Using the local lexicon is analogous to using a combination of the provider-and serving-scopes interpretation of the geographic scope described earlier. In particular, NewsStand learns its serving scope by forming a corpus of articles for each news source and collecting the geographic locations mentioned in the corpus that are local to it. This approach is based on observing that news articles are written with an assumption of where their reader is located. For example, when the location “Springfield, IL” is mentioned in a newspaper article in Illinois (such as Chicago), the qualifier “Illinois” or “IL” is most likely not used due to the expectation that its readers will make the correct interpretation automatically. On the other hand, an article in the New York Times would retain the “Illinois” qualifier when discussing “Springfield” to avoid any possible misunderstanding. Local lexicons are particularly useful when users zoom in on the map, thereby focusing on relatively small areas where the articles are more local in nature. In this case, knowledge of the provider scope is extremely valuable in overcoming the geo/geo ambiguity.
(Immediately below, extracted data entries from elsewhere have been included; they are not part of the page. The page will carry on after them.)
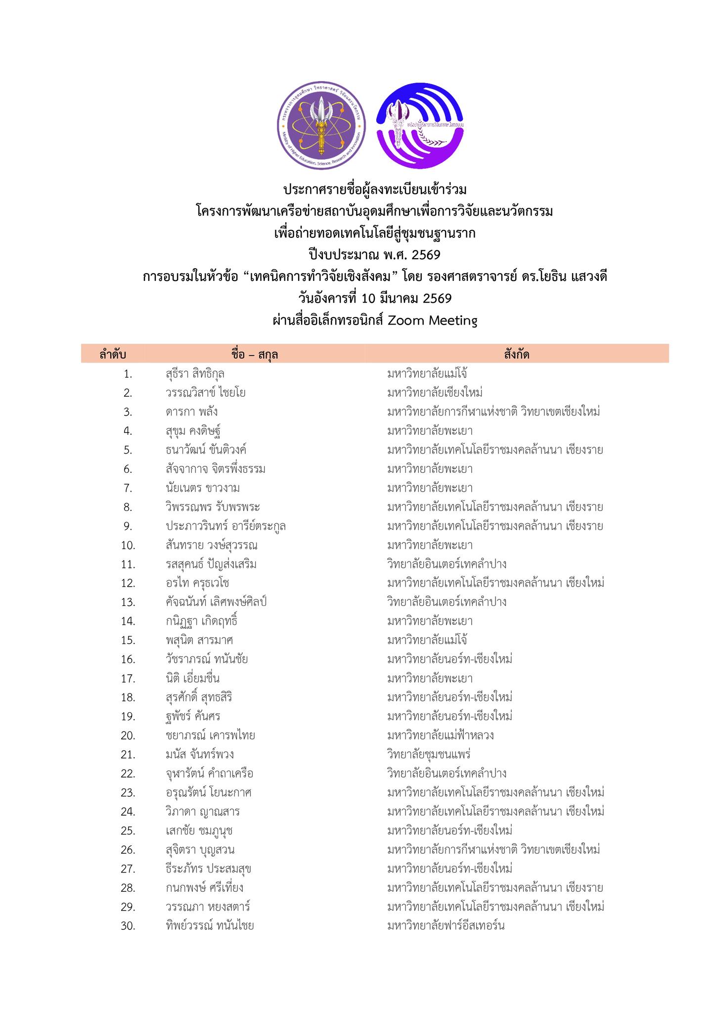 ประกาศรายชื่อผู้เข้าร่วมการอบรม “เทคนิคการทำวิจัยเชิงสังคม”
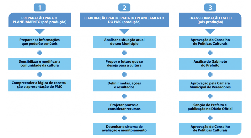 O fluxo apresentado abaixo foi extraído da publicação “Guia de Elaboração dos Planos Municipais de Cultura (página 16)”, elaborado pela Universidade Federal da Bahia (2017). Ele demonstra as principais etapas de elaboração de um plano de cultura.
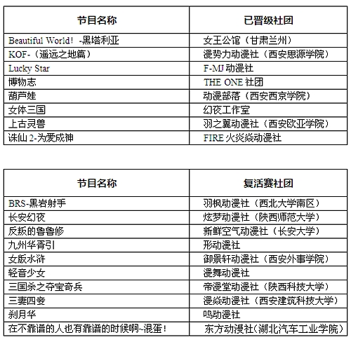 2011 ChinaJoyCosplay嘉年华西安分赛区决赛&复活赛名单揭晓
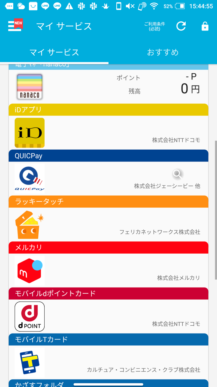 手持ちのAndroid端末には既にGoogle Payで追加できる四種類(Suica Edy nanaco waon)とKyashアプリを追加して設定できるQUIC PayとLINE Payから追加するQUIC Payが登録されている。
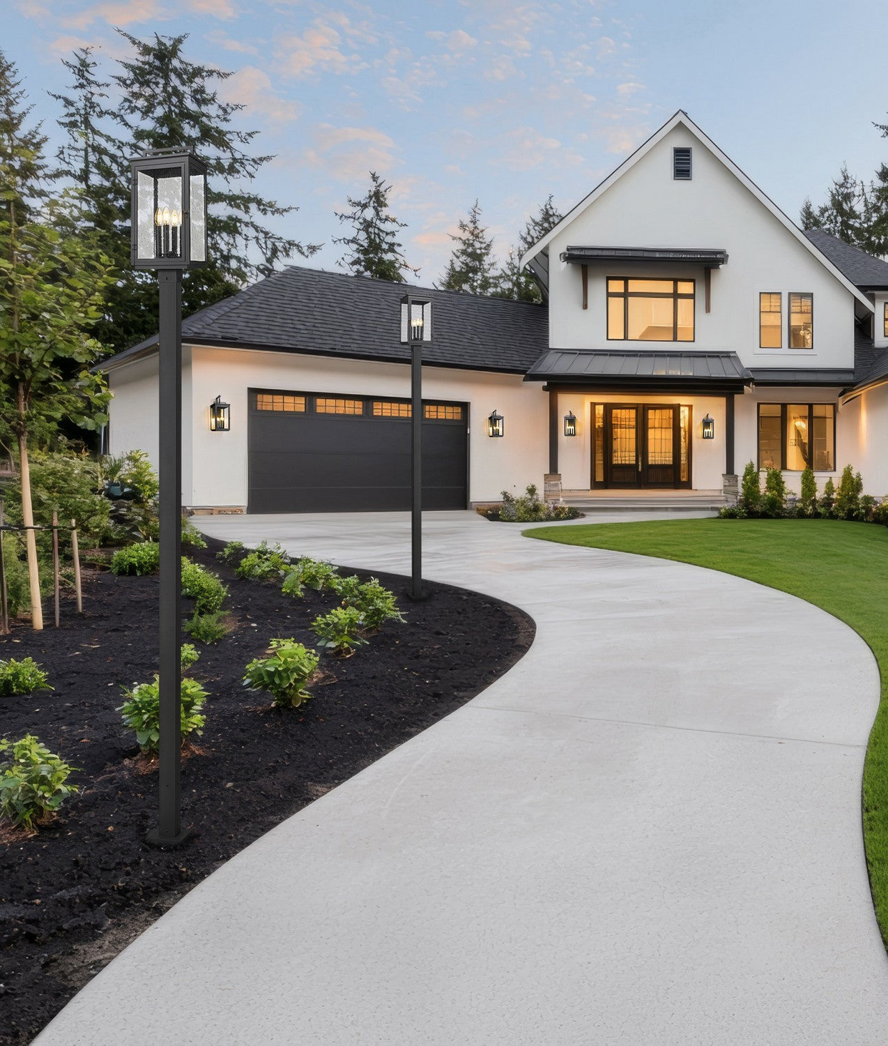 Hartwell Four Light Outdoor Post Mount in Sand Black - available from The Lighting Shoppe, trusted by Canadian homeowners
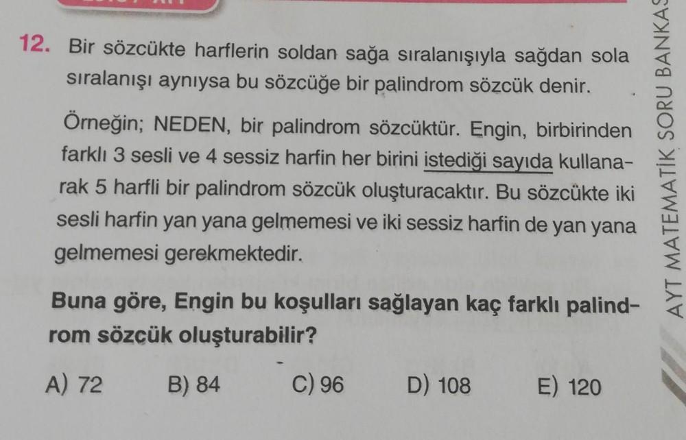 12. Bir sözcükte harflerin soldan sağa sıralanışıyla sağdan sola sıralanışı aynıysa bu sözcüğe bir palindrom sözcük denir. Örneğin; NEDEN, bir palindrom sözcüktür. Engin, birbirinden farklı 3 sesli ve 4 sessiz harfin her birini istediği sayıda kullana- rak 5 harfli bir palindrom sözcük oluşturacaktır. Bu sözcükte iki sesli harfin yan yana gelmemesi ve iki sessiz harfin de yan yana gelmemesi gerekmektedir. AYT MATEMATİK SORU BANKAS Buna göre, Engin bu koşulları sağlayan kaç farklı palind- rom sözcük oluşturabilir? A) 72 B) 84 C) 96 D) 108 E) 120
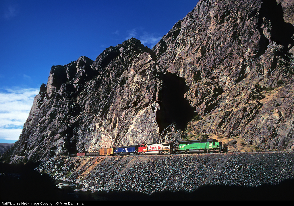 Green, red and blue A westbound BNSF freight exits Black Tunnel in scenic Wind River Canyon south of Dornick, Wyoming, on October 2, 1997. Leading the colorful consist is Burlington Northern SD40-2 No. 8177, followed by Santa Fe C40-8W No. 901 and Montana Rail Link F45 No. 390.
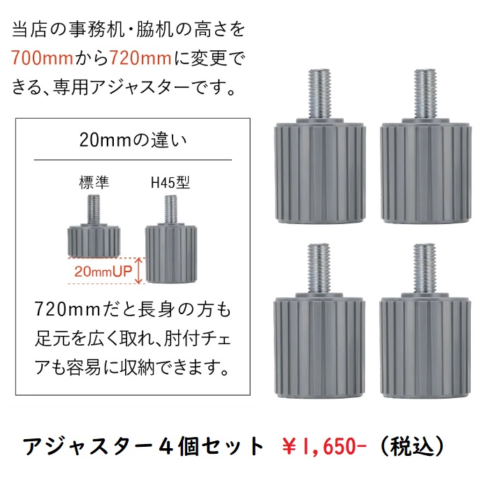 別売りのアジャスターに付け替えることでデスクの高さを720mmに変更可能です。※片袖デスクの場合はアジャスターが6個必要になります。
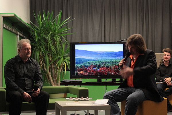představil nejen své poslední publikace, ale podobně jako Vladěna Tesařová, se pustil do dalšího vyprávění. O leckdy adrenalinovém životě fotografa, který se snaží ulovit ten NEJ záběr. Po celou dobu, kdy ho zpovídal Radek Nakládal, se za jejich zády promítaly dechberoucí fotografie z těch nejkrásnějších míst Šumavy.
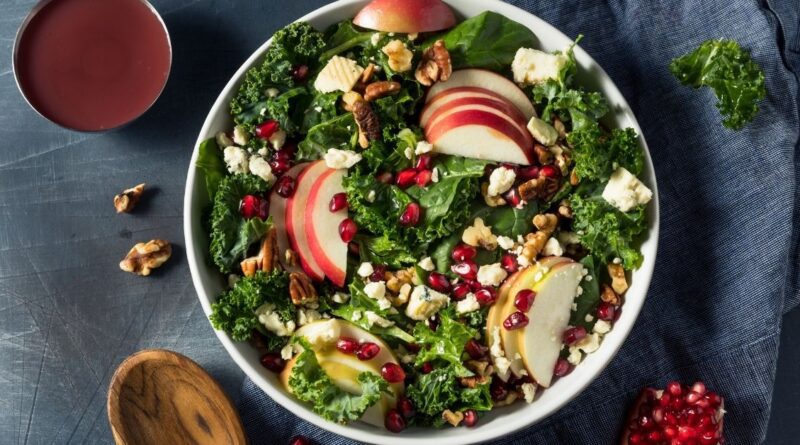 Beginnen wir mit einem sehr einfachen Salatrezept. Dieses hat Apfel und Cheddar als Hauptzutaten, und sie alle gehen auf ein Bett aus Grünkohl. Die Süße des Apfels hilft, die Bitterkeit des Grünkohls auszugleichen. Gleichzeitig trägt der Cheddar dazu bei, die Säure des Apfels neutraler zu machen, um Mundgesundheitsproblemen vorzubeugen.

The local lexicon can also be seen as a “resolving context” for toponym resolution. A related popular strategy^2,27,31,45 for toponym resolution places the resolving context within a hierarchical geographic ontology that involves finding a geographic region in which many of the document’s toponyms can be resolved. For example, Web-a-Where² pursues such an approach by searching for several forms of hierarchical evidence in documents, including minimal resolving contexts and containment of adjacent toponyms (such as “College Park, MD”). It identifies a document’s geographic focus through a simple scoring algorithm that takes into account the gazetteer hierarchy, as well as a confidence score, for each location. Ding et al.⁶ used a similar approach. MetaCarta³³ and Google Book Search have no notion of a computed geographic focus, and thus require users to determine a focus for themselves. Instead of using content location, Mehler et al.²⁸ associated documents with provider location, which, at times, is equivalent to using the dateline. Note the central assumption behind finding a minimal resolving context is that the document under consideration has a single geographic focus, useful for resolving toponyms in that focus, but not for resolving distant toponyms mentioned in passing.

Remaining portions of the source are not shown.